Apparently, img in noscript before body is invalid, and will cause the head element to be parsed as immediately terminated and body element to begin. So it seems like this page is intentionally breaking crawlers and such from accessing the meta tags in the head element, or something like that.

Anyway, as a proposed solution, I think we should strip all <noscript> tags from <head> in MV3 before parsing.

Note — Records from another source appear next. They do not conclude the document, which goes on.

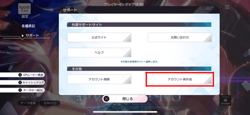 タイトル画面右上のメニュー>サポート>アカウント再作成からアカウントを作り直すことで、チュートリアルなどをスキップしてリセマラを行うことができます。
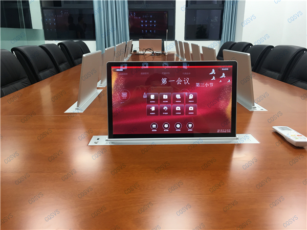 近期,重慶迅控電子科技有限公司為某高校打造無紙化會議室,根據會場實際情況以及用戶需求提供了一套智能無紙化會議室解決方案。會場主席位采用 SV-LCD17(TS)帶話筒液晶升降器;其他13個參會端采用液晶屏升降器SV-LCD17(T),產品標配內嵌式17.3英寸全高清電容觸摸屏,支持10點觸摸,即插即用,顯示屏支持0-30°后仰調節,支持自動復位。該產品是新時代無紙化會議或者視頻會議室的主流產品,配合無紙化軟件,可以實現眾多會議功能,是與會人員之間信息化交互的重要工具。
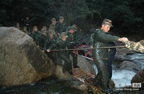 ????2010年12月13日凌晨2點37分,在安徽黃山景區(qū)因迷路被困的18名上海驢友在黃山景區(qū)一個未開發(fā)開放區(qū)域被當(dāng)?shù)厮丫热藛T找到,不幸的是,50分鐘后,23歲的黃山風(fēng)景區(qū)公安局民警張寧海在護(hù)送途中不幸墜崖身亡。圖為武警官兵護(hù)送張寧海的遺體。
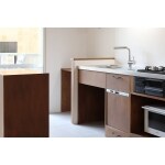キッチンやカップボード、棚板のほとんどをシナ合板+オスモ塗装で作っています。
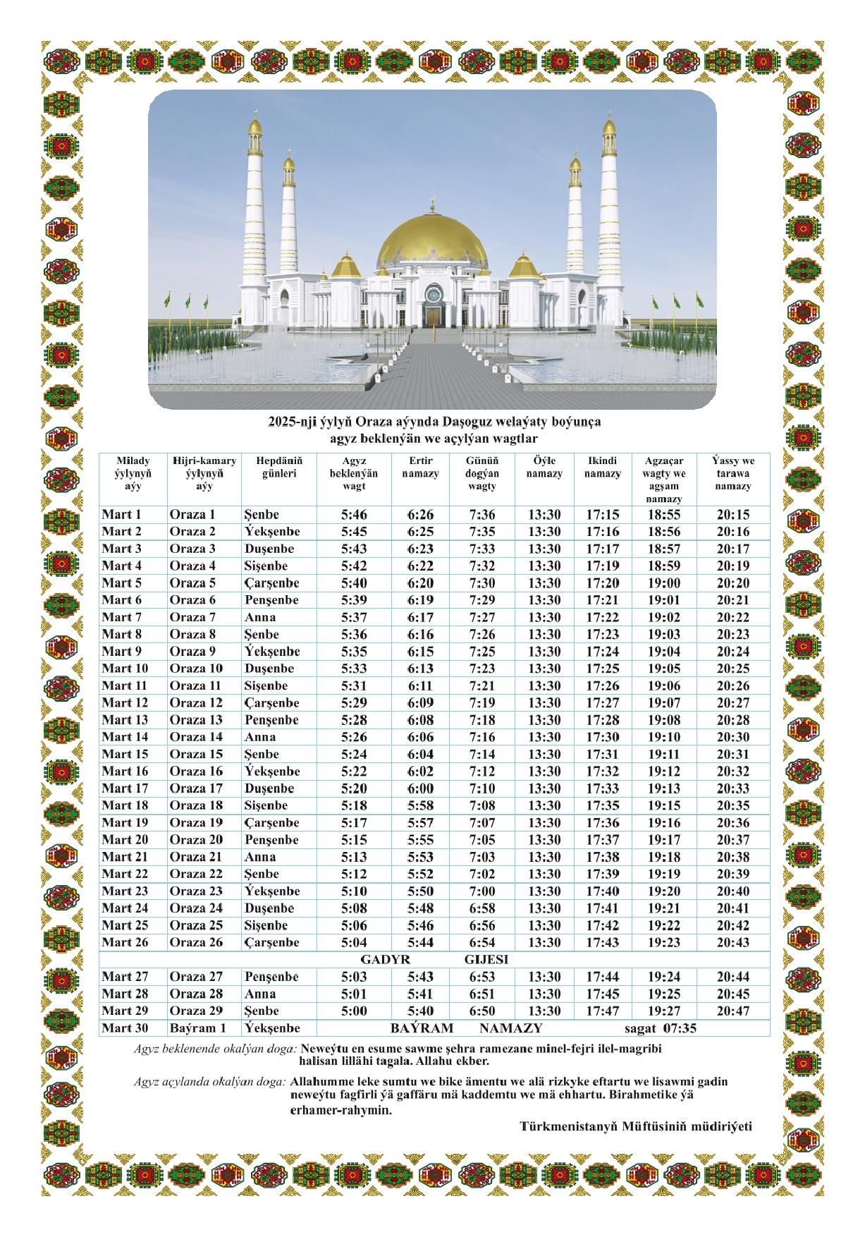 В разных регионах Туркменистана время начала и окончания поста немного отличается из-за географического расположения. В таблице выше представлено расписание для основных регионов страны.

dstillman commented 3 weeks ago

I'm still not getting EM on this page. The main translator is fixed, so it's less of an issue here, but this is likely preventing EM from working elsewhere.

(4)(+0000028): Translate: Binding sandbox to https://journals.ametsoc.org/view/journals/phoc/53/1/JPO-D-22-0001.1.xml

debug.js:87 (4)(+0000003): Translate: Parsing code for PubFactory Journals (8d1fb775-df6d-4069-8830-1dfe8e8387dd, 2024-06-04 18:20:00)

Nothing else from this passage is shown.